• [EXERCISE INSTRUCTIONS]
Reproduce the lines below exactly. Skip images.
****************************************
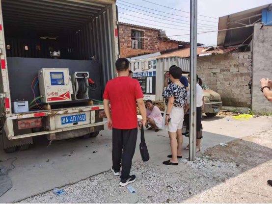 7月6日,高新区市场监督管理局工作人员在巡查过程中,在朝阳街道办事处资阳驾校姚家湾分校附近一偏僻的院子内发现一辆厢式货车有很重的汽油味,觉得不正常,打开厢门一看,发现有加油机和油罐,原来这是一个“变型的黑加油点”,没有任何安全警示标志和安全设备设施。
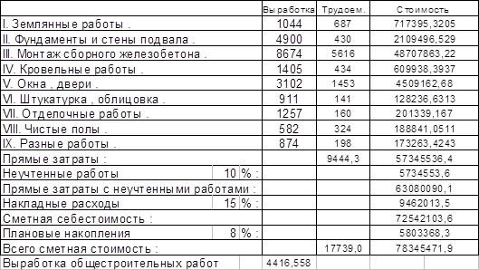 · Средняя выработка на общестроительные работы для данного типа здания должна быть в пределах 3000….3700. Полученный результат завышен и нуждается в корректировке.
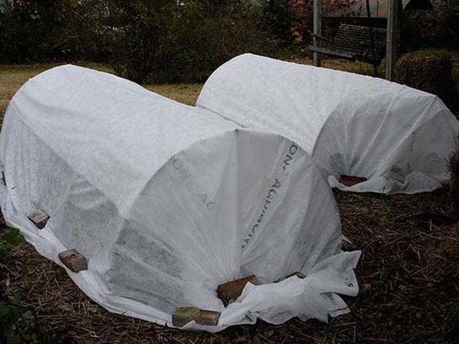 Весь каркас накрывается укрывным материалом и фиксируется тяжелыми предметами:
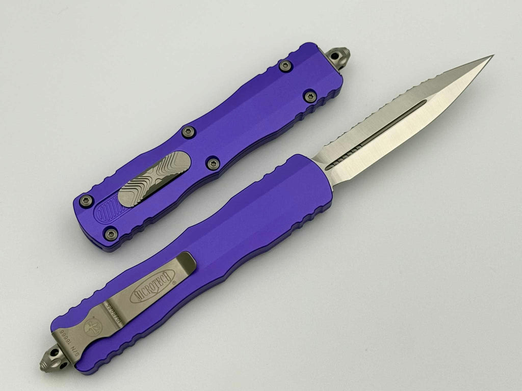 Microtech Dirac Delta D/E Satin Full Serrated w/ Purple Handle 227-6PU
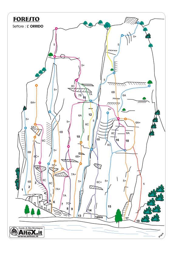 - 17. Luce Rossa 5+ / 6A+ / 6B (si può arrivare ad S2 dalla base con corda da 70m)
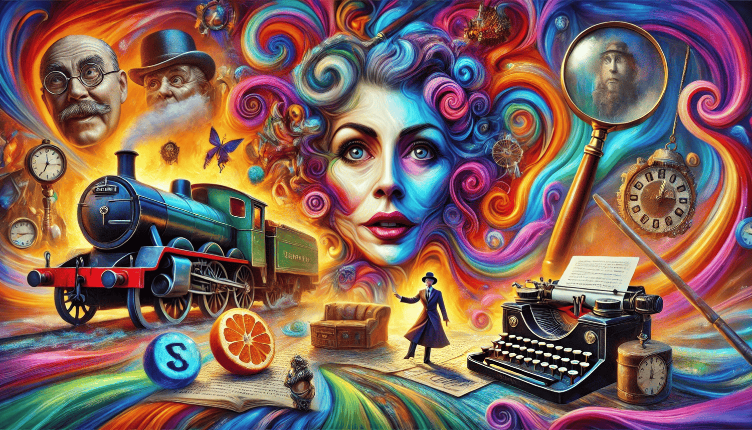 This surreal, high-resolution caricature of Agatha Christie captures the Queen of Mystery in a vibrant and fantastical style. Her expressive features are exaggerated playfully, surrounded by swirling, vivid colors that echo the intrigue and imagination of her iconic detective novels. The background brims with symbolic elements—vintage typewriters, magnifying glasses, mysterious silhouettes, and classic trains—subtly referencing beloved characters like Hercule Poirot and Miss Marple. With a painterly aesthetic and rich detail, this artwork celebrates the timeless legacy of one of literature’s most influential storytellers.
****************************************
• [TASK SOLUTION]
 7月6日,高新区市场监督管理局工作人员在巡查过程中,在朝阳街道办事处资阳驾校姚家湾分校附近一偏僻的院子内发现一辆厢式货车有很重的汽油味,觉得不正常,打开厢门一看,发现有加油机和油罐,原来这是一个“变型的黑加油点”,没有任何安全警示标志和安全设备设施。
 · Средняя выработка на общестроительные работы для данного типа здания должна быть в пределах 3000….3700. Полученный результат завышен и нуждается в корректировке.
 Весь каркас накрывается укрывным материалом и фиксируется тяжелыми предметами:
 Microtech Dirac Delta D/E Satin Full Serrated w/ Purple Handle 227-6PU
 - 17. Luce Rossa 5+ / 6A+ / 6B (si può arrivare ad S2 dalla base con corda da 70m)
 This surreal, high-resolution caricature of Agatha Christie captures the Queen of Mystery in a vibrant and fantastical style. Her expressive features are exaggerated playfully, surrounded by swirling, vivid colors that echo the intrigue and imagination of her iconic detective novels. The background brims with symbolic elements—vintage typewriters, magnifying glasses, mysterious silhouettes, and classic trains—subtly referencing beloved characters like Hercule Poirot and Miss Marple. With a painterly aesthetic and rich detail, this artwork celebrates the timeless legacy of one of literature’s most influential storytellers.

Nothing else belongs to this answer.